The optimal parameters are those that maximize the probability of the observed data.

For Neural Language Models

The principle is exactly the same!

Given training data \(D = \{(x_1, y_1), ..., (x_N, y_N)\}\) where:

  • \(x_i\) is the i-th context
  • \(y_i\) is the true next character

The likelihood is:

\[P(D | \theta) = \prod_{i=1}^{N} P(y_i | x_i; \theta)\]

(Assuming independence between examples.)

Log-Likelihood

Products are numerically unstable and hard to differentiate. Take logarithms:

\[\log P(D | \theta) = \sum_{i=1}^{N} \log P(y_i | x_i; \theta)\]

This is the log-likelihood.

From Maximization to Minimization

ML practitioners prefer minimizing a loss. Negating:

\[L(\theta) = -\log P(D | \theta) = -\sum_{i=1}^{N} \log P(y_i | x_i; \theta)\]

This is the negative log-likelihood.

Minimizing NLL = Maximizing likelihood.

Average Loss

For numerical stability and comparison across dataset sizes, use the average:

\[L(\theta) = -\frac{1}{N}\sum_{i=1}^{N} \log P(y_i | x_i; \theta)\]

This is our training objective.

Cross-Entropy: The Information Theory View

Cross-Entropy Definition

Given true distribution p and model distribution q, the cross-entropy is:

\[H(p, q) = -\sum_{x} p(x) \log q(x)\]

It measures the expected number of bits needed to encode samples from p using a code optimized for q.

For Language Modeling

At each position in our data:

  • True distribution: p(c_t | context) = 1 if c_t is the actual next character, else 0 (one-hot)
  • Model distribution: \(q(c) = \hat{P}(c | \text{context}; \theta)\)

The cross-entropy at this position:

\[H(p, q) = -\sum_{c} p(c) \log q(c)\]

Since p(c) = 1 for c = y (the true character) and 0 otherwise:

\[H(p, q) = -1 \cdot \log q(y) + \sum_{c \neq y} 0 \cdot \log q(c) = -\log q(y)\]

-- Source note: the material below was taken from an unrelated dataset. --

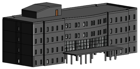 The proposed multi-objective optimization method was utilized to find the optimal design scheme for external wall insulation in an office building located in Zhengzhou City with typical cold climate characteristics in China. Zhengzhou City is located in a cold area of northern China. It is cold and dry in winter and hot and humid in summer, which puts forward higher requirements for the building’s thermal insulation design. Office buildings are one of the major building types that consume energy. Office buildings in Zhengzhou have high energy consumption for winter heating and summer cooling. To study the optimal design of external wall insulation, different types of cold and heat sources can be taken into account while considering different insulation materials so as to explore their impact on economy, energy, and low carbon. Taking the office building in Zhengzhou City as a case study can provide concrete and operable solutions for the multi-objective optimization design of a building’s exterior insulation. Figure 2 shows the design model of the concerned building. The gross floor area of the four-story office building is 3682.25 m2.
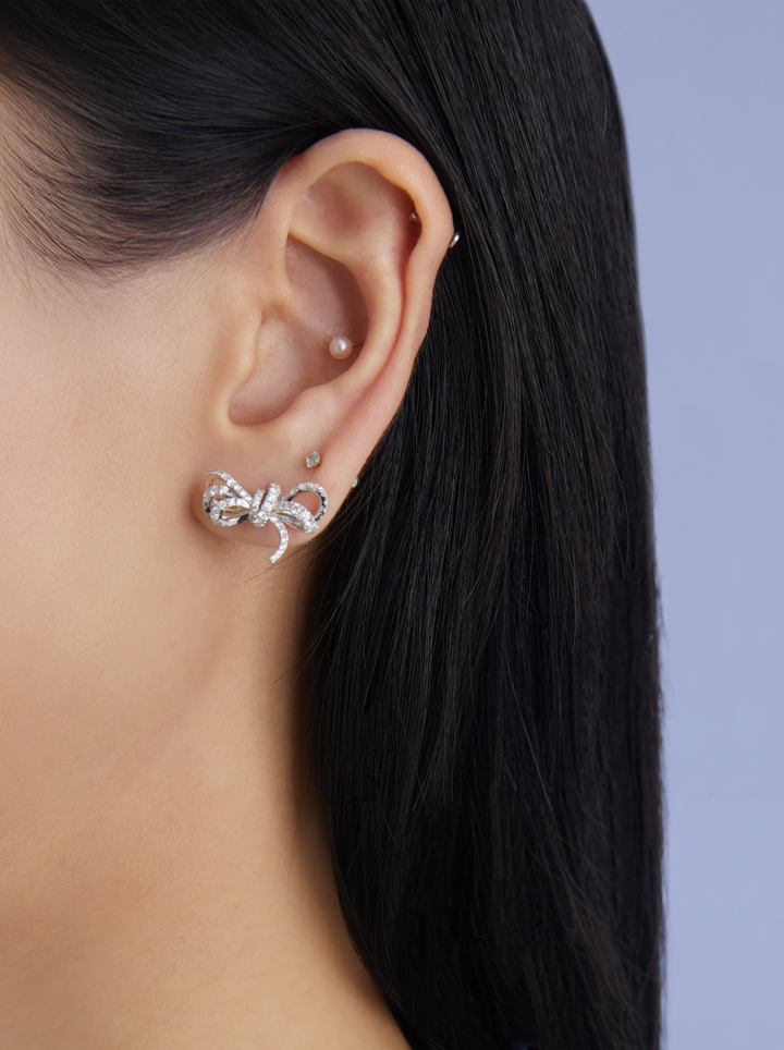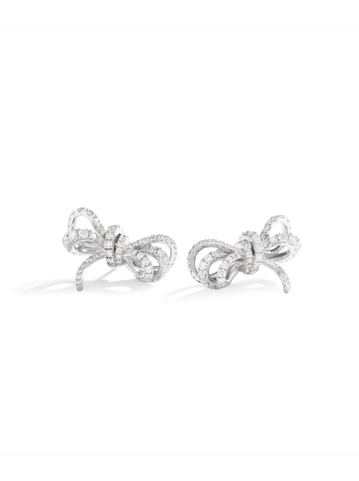 輕巧優雅的蝴蝶結線條,以立體弧度勾勒柔美姿態,鑲嵌滿鋪細鑽後散發如星光般的奢華光芒。每一次轉頭、每一次微笑,都能捕捉到耀眼亮點。

This is exactly the negative log-probability!

The Equivalence

Cross-entropy loss per example = Negative log-likelihood per example.

For the dataset:

\[\text{Cross-Entropy Loss} = -\frac{1}{N}\sum_{i=1}^{N} \log \hat{P}(y_i | x_i; \theta)\]

This is the same as average NLL!

Why Cross-Entropy Is the Right Loss

Reason 1: Maximum Likelihood

As shown, minimizing cross-entropy = maximizing likelihood.

MLE has strong theoretical justification:

  • Consistent (converges to true parameters with infinite data)
  • Asymptotically efficient (lowest variance among consistent estimators)
  • Invariant under reparametrization

Reason 2: Proper Scoring Rule

A scoring rule S(q, y) is proper if:

\[\mathbb{E}_{y \sim p}[S(p, y)] \leq \mathbb{E}_{y \sim p}[S(q, y)]\]

For any distribution q. That is, the best expected score is achieved when q = p.

Cross-entropy is proper.

Proof:

Expected cross-entropy when true distribution is p:

\[\mathbb{E}_{y \sim p}[H(p, q)] = \sum_y p(y) H(p, q) = -\sum_y p(y) \log q(y)\]

This is minimized when q = p, giving the entropy H(p):

\[H(p, p) = -\sum_y p(y) \log p(y) = H(p)\]

For any q ≠ p, we have H(p, q) > H(p, p) by Gibbs' inequality.

Reason 3: Information-Theoretic Interpretation

Cross-entropy H(p, q) measures the inefficiency of using code for q when the true distribution is p.

Minimizing cross-entropy = finding the most efficient encoding of the data.

Reason 4: Gradient Properties

We'll see shortly that cross-entropy combined with softmax has remarkably clean gradients.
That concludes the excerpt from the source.